# Jungle Val



## Superfly724 (Sep 16, 2007)

I'm attempting yet again to grow some Jungle Val in my Tanganyikan tank. Last time I tried, the plant started to grow a good bit, and started sprouting runners, but then it suddenly melted and the whole plant vanished. I've decided to try again, because even the one little bunch I've planted really adds to the atmosphere of the tank and makes it seem that much more alive. That, plus the green of the plant makes the algae not look so bad for some reason.

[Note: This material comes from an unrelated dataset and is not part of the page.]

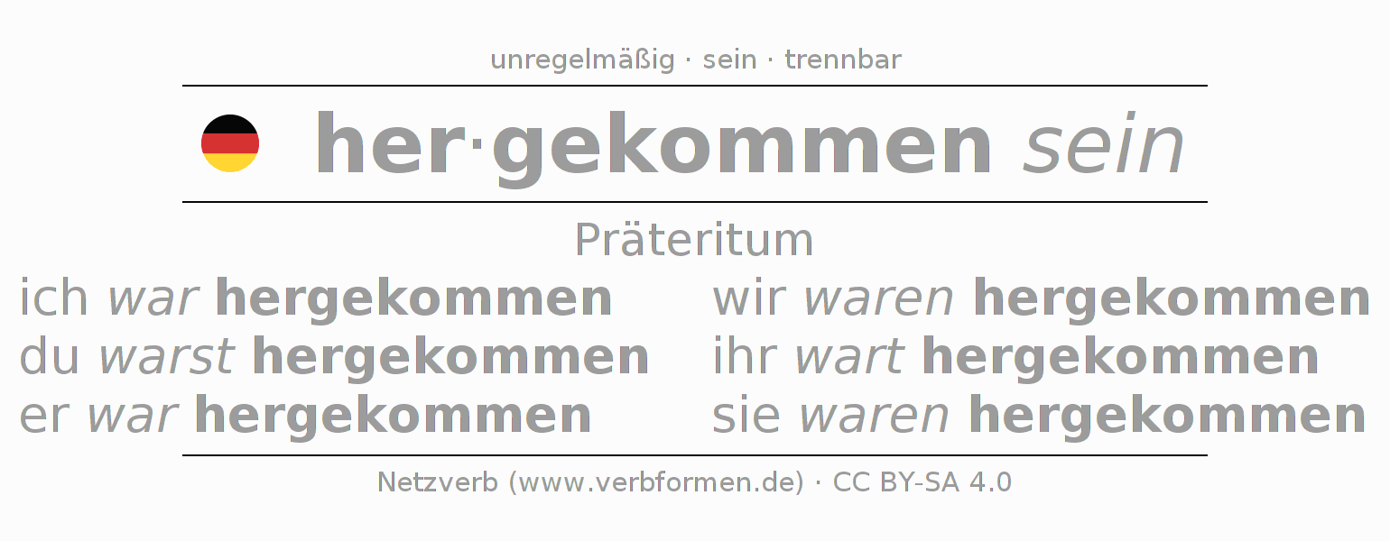 Das Verb herkommen vollständig in allen Personen und Numeri im Präteritum Indikativ konjugiert

My pH is around 8.4-8.6. Temperature is around 76 degrees. I'm assuming my lighting is adequate since the plant grew last time. What can I do to prevent it from melting altogether like last time? I really don't even know what went wrong. I'm a complete amateur when it comes to live plants, but I've seen a couple Tang tanks with Jungle Val and I really love the look.

Any pointers?


----------



## grogan (Jan 23, 2011)

Are you adding any plant supplements?


----------



## Superfly724 (Sep 16, 2007)

No, I'm not. I don't really know a whole lot about live plants. I just read that Vallisneria doesn't really require any added Co2 or anything like that, is relatively hardy, and grows fast. I'm not against adding supplements, but I didn't want to buy something and dump it into my tank without knowing whether I would need it or what effects it could have on my tank.

Are there any products you recommend?


----------



## grogan (Jan 23, 2011)

Actually I was just making sure that you were not. Vals tend to be on the fragile side when it comes to additives. For example liquid CO2 will usually burn holes in the leaf structure. I would recommend keeping it simple. Put the light on a timmer for 8-10 hours and maybe throw a root tab or 2 under them and sit back an watch.


----------



## Superfly724 (Sep 16, 2007)

How deep should I have planted the bulb?


----------



## Fuzz (Jan 27, 2012)

From my experience, Vals WILL melt when introduced to a different tank(like when going from the nursery to your tank). But then grow back. It might take a while for it to melt, but it will...and then it will come back. 

Here's a video from my man, dustin...who honestly got me into the plant thing. i learned a lot from his videos and he really seems to know his stuff...

http://www.youtube.com/watch?v=oxUkXZn2b3Q


----------



## Superfly724 (Sep 16, 2007)

Well, here's a question for you guys. I've been reading and most places say you should plant the Val so that the crown of the bulb is sticking out so the leaves grow upward. I didn't know that before so when I planted the Val the first time I buried the bulb in the sand pretty well. After the plant melted completely, there was no growth. The bulb is probably still in the sand. In fact, if you get underneath my tank with a light you can still see the roots. Would it be possible that the bulb is still alive, but hasn't grown because it's not receiving light and if I brought it up to the surface of the sand it could sprout new plants, or is it gone?


----------



## Superfly724 (Sep 16, 2007)

Fuzz said:


> From my experience, Vals WILL melt when introduced to a different tank(like when going from the nursery to your tank). But then grow back. It might take a while for it to melt, but it will...and then it will come back.
> 
> Here's a video from my man, dustin...who honestly got me into the plant thing. i learned a lot from his videos and he really seems to know his stuff...
> 
> http://www.youtube.com/watch?v=oxUkXZn2b3Q


Also, thanks for the video. It was really helpful. I got hooked on watching them and now I'm starting to get excited about this whole live plant thing.


----------



## Superfly724 (Sep 16, 2007)

So, upon further consideration, asking if the old bulb would still grow was a silly question. But is it safe to say that it died because the bulb was too deep so it didn't receive enough light to grow once all the leaves melted completely? I plan on tying a rock to the base of this one and planting it so the crown is above the surface of the sand. I'm also considering trimming all the leaves down to about two inches so they can start fresh, but I'm not sure about that yet. Here's hoping for better luck.


----------



## Superfly724 (Sep 16, 2007)

Well, I tied the roots to a rock and buried it so the crown is exposed. I've had one new leaf sprout up and I now have a new runner with 3 new leaves growing out of it. I'm very pleased.


----------



## lohachata (Jan 27, 2006)

see what happens when you listen to these crackpots....lol..
as we go along in this hobby we all run into situations where we have no clue as to what is going on or what to do about it...
but somewhere there are folks that have been there and done that and have the answers..that is the reason why these forums can be a real boon to the hobby...


----------